| What needs to be done |
Retype all of the listing exactly, with no pictures.

| Data provided |
************

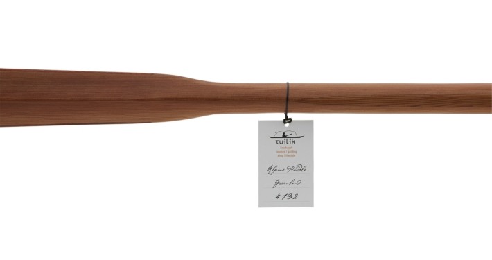 La #132 è una splendida pagaia, leggera, lavorata da tavole di cedro rosso del Jura francese a fibra estremamente compatta.
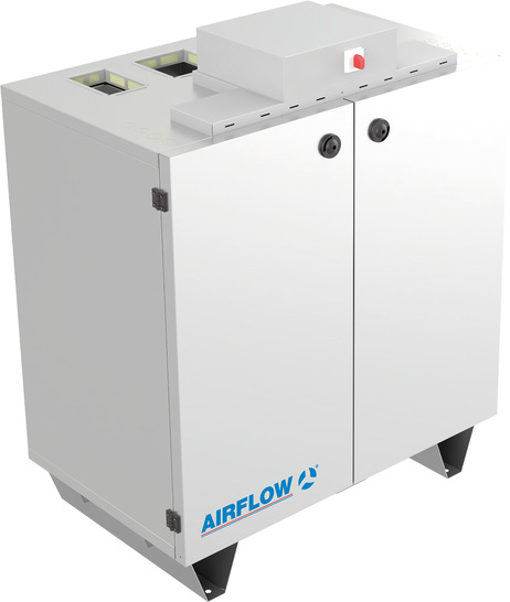 Die Stand-Lüftungsgeräte der Serie DuplexBase PT von Airflow benötigen deutlich weniger Bodenfläche und eignen sich daher für enge Einbausituationen. Hier sind die Kanalanschlüsse vertikal statt seitlich verbaut und Kühl- sowie Heizregister können als Zusatzoption integriert werden, wodurch Platz gegenüber externen Registern eingespart wird. Die fünf Modelle gibt es in maximalen Volumenstrombereichen von 500 bis 3500 m³/h. Die Geräte werden per Plug-and-Play in Betrieb genommen. Über einen integrierten CO2-Sensor kann die benötigte Frischluftzufuhr bedarfsgerecht gesteuert werden. Auf diese Weise wird auch die Konzentration an Aerosolen reduziert. Eine komfortable Bedienung, auch online über einen Webserver, unterstützt ein angenehmes und gesundes Raumklima. Der eingebaute Kreuzgegenstrom-Wärmeübertrager erzielt einen Wärmerückgewinnungsgrad von bis zu 90 Prozent. Als Schnittstelle an die Gebäudeleittechnik stehen Modbus sowie optional BACnet und KNX zur Wahl.
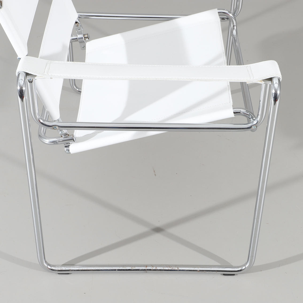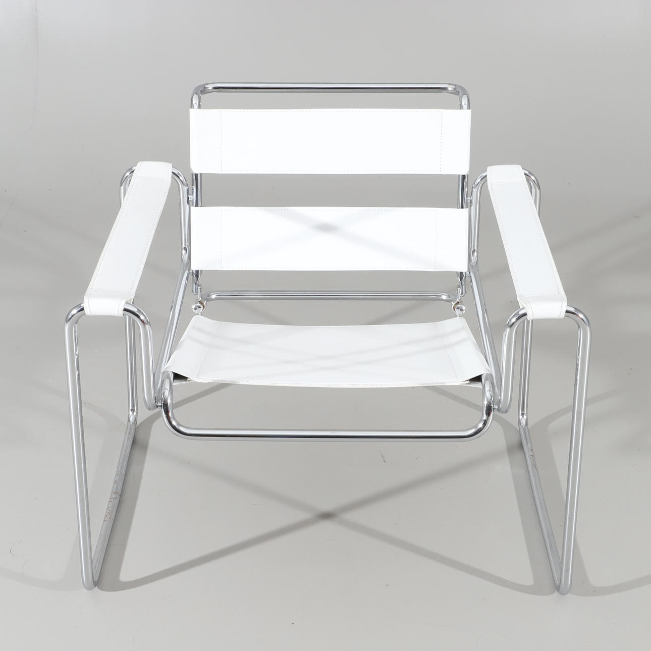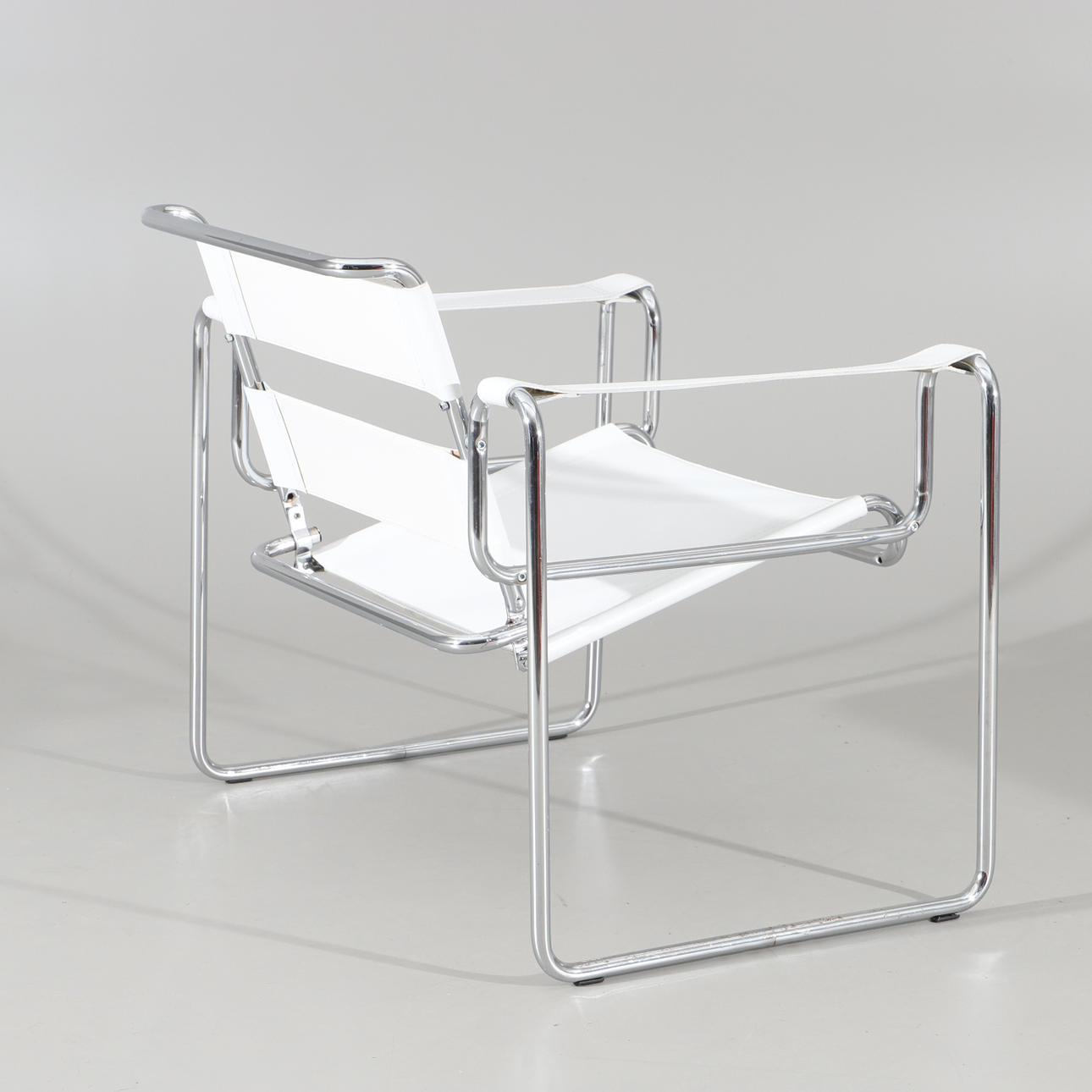 Skinn med kromad metallstomme. Sitthöjd 30 cm, rygghöjd 72 cm.

************

| Answer box |
 La #132 è una splendida pagaia, leggera, lavorata da tavole di cedro rosso del Jura francese a fibra estremamente compatta.
 Die Stand-Lüftungsgeräte der Serie DuplexBase PT von Airflow benötigen deutlich weniger Bodenfläche und eignen sich daher für enge Einbausituationen. Hier sind die Kanalanschlüsse vertikal statt seitlich verbaut und Kühl- sowie Heizregister können als Zusatzoption integriert werden, wodurch Platz gegenüber externen Registern eingespart wird. Die fünf Modelle gibt es in maximalen Volumenstrombereichen von 500 bis 3500 m³/h. Die Geräte werden per Plug-and-Play in Betrieb genommen. Über einen integrierten CO2-Sensor kann die benötigte Frischluftzufuhr bedarfsgerecht gesteuert werden. Auf diese Weise wird auch die Konzentration an Aerosolen reduziert. Eine komfortable Bedienung, auch online über einen Webserver, unterstützt ein angenehmes und gesundes Raumklima. Der eingebaute Kreuzgegenstrom-Wärmeübertrager erzielt einen Wärmerückgewinnungsgrad von bis zu 90 Prozent. Als Schnittstelle an die Gebäudeleittechnik stehen Modbus sowie optional BACnet und KNX zur Wahl.
 Skinn med kromad metallstomme. Sitthöjd 30 cm, rygghöjd 72 cm.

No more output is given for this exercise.